Proof of Gelfand's formula without using $\rho(A) < 1$ iff $\lim A^n = 0$
We assume without proof that Gelfand's formula holds in the easy case where $A$ is diagonalisable. For the general case, since all norms are equivalent on a finite-dimensional vector space, it suffices to prove Gelfand's formula using Frobenius norm.
Frobenius norm is unitarily invariant. So, we may assume that $A$ is triangular. Denote by $|A|$ the entrywise absolute value of $A$. Let $\{D_k\}$ be any sequence of nonnegative diagonal matrices such that all diagonal entries of $D_k$ are smaller than $\frac1k$ and all eigenvalues of $|A|+D_k$ (which are its diagonal entries) are distinct.

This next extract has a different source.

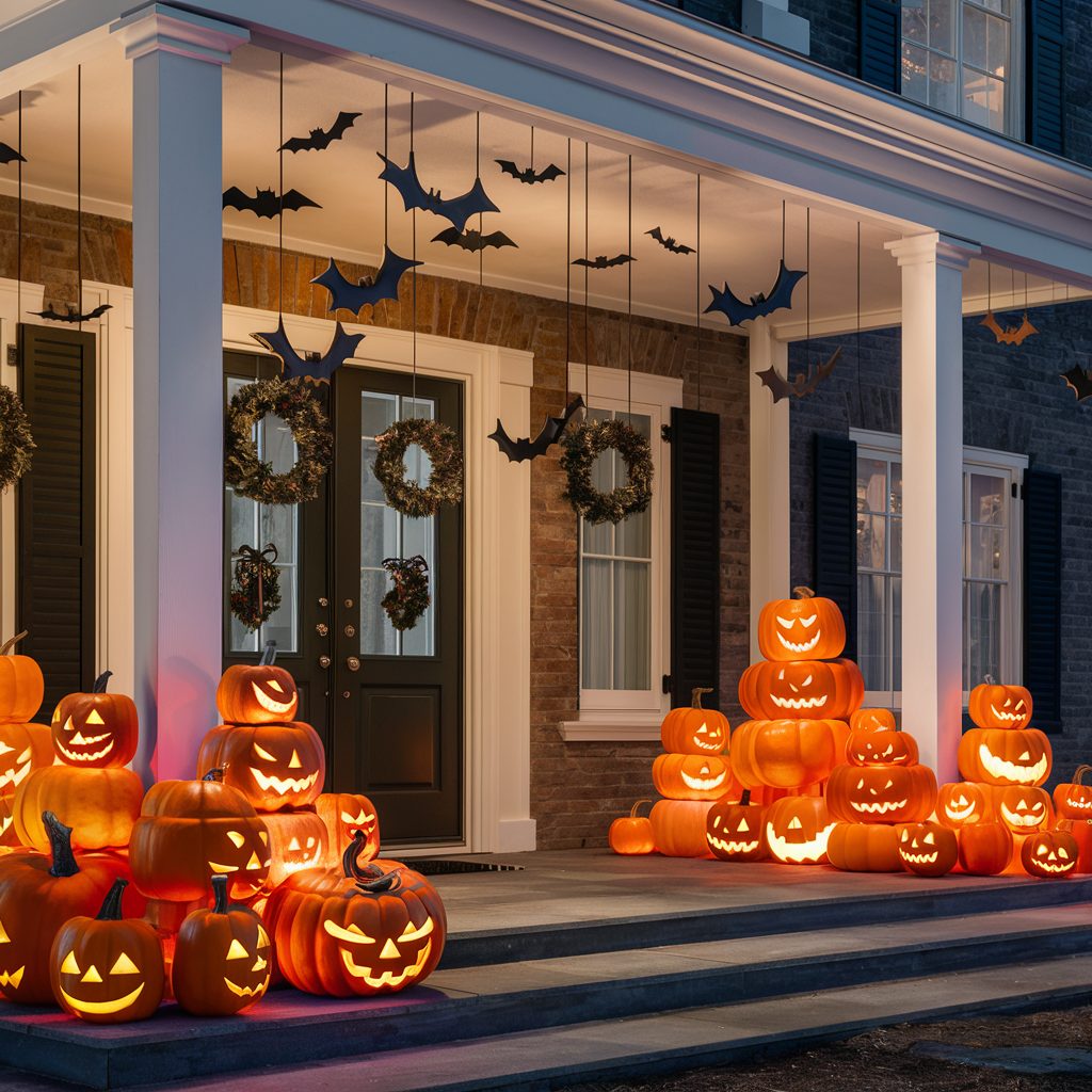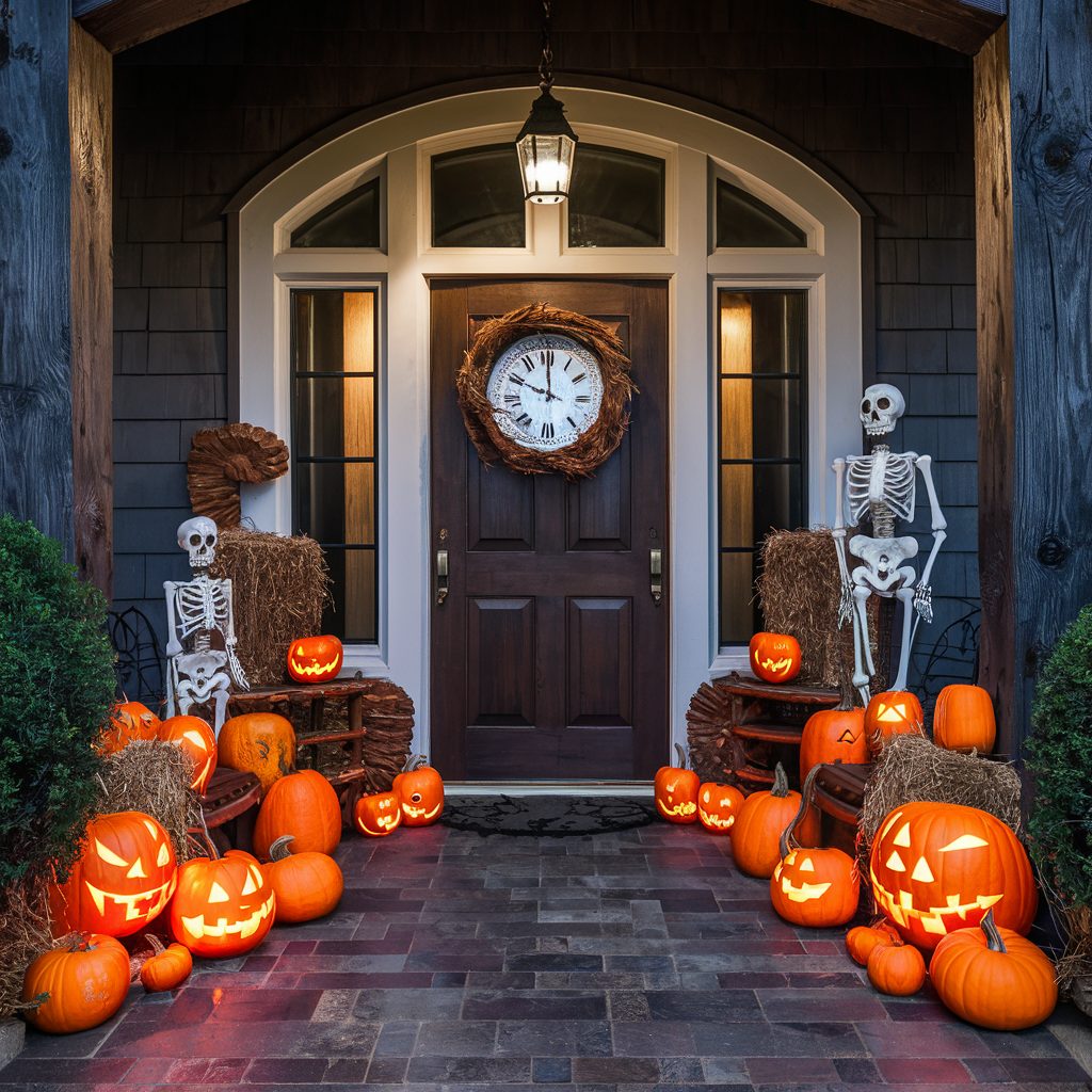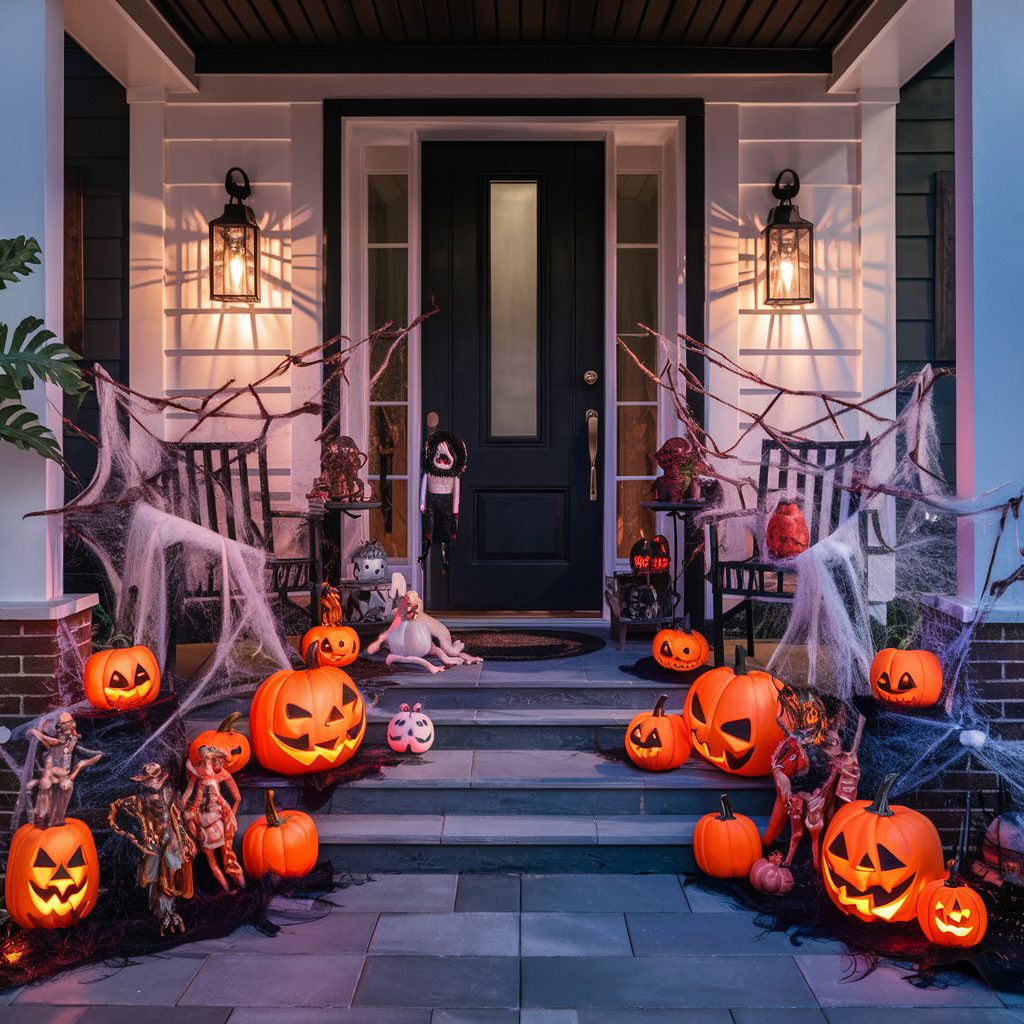 To reinforce the pumpkin theme, consider using pumpkin-shaped lanterns, themed wreaths, or even a row of illuminated pumpkins lining the walkway. Whether rustic or refined, pumpkins are the heart of Halloween decor, adding warmth, charm, and a festive touch to your porch.

For every $k$, as $|A|+D_k$ is diagonalisable, Gelfand's formula holds. Therefore there exists some $n_k$ such that $$ \|(|A|+D_k)^n\|_F^{1/n}<\rho(|A|+D_k)+\frac1k\tag{1} $$ whenever $n\ge n_k$. However, as $A$ is triangular and $D_k$ is entrywise bounded above by $\frac1k$, we have $\rho(|A|+D_k)+\frac1k<\rho(A)+\frac2k$. Hence $(1)$ implies that $$ \rho(A)\le\|A^n\|_F^{1/n}\le\|(|A|+D_k)^n\|_F^{1/n}<\rho(A)+\frac2k $$ whenever $n\ge n_k$ and our conclusion follows.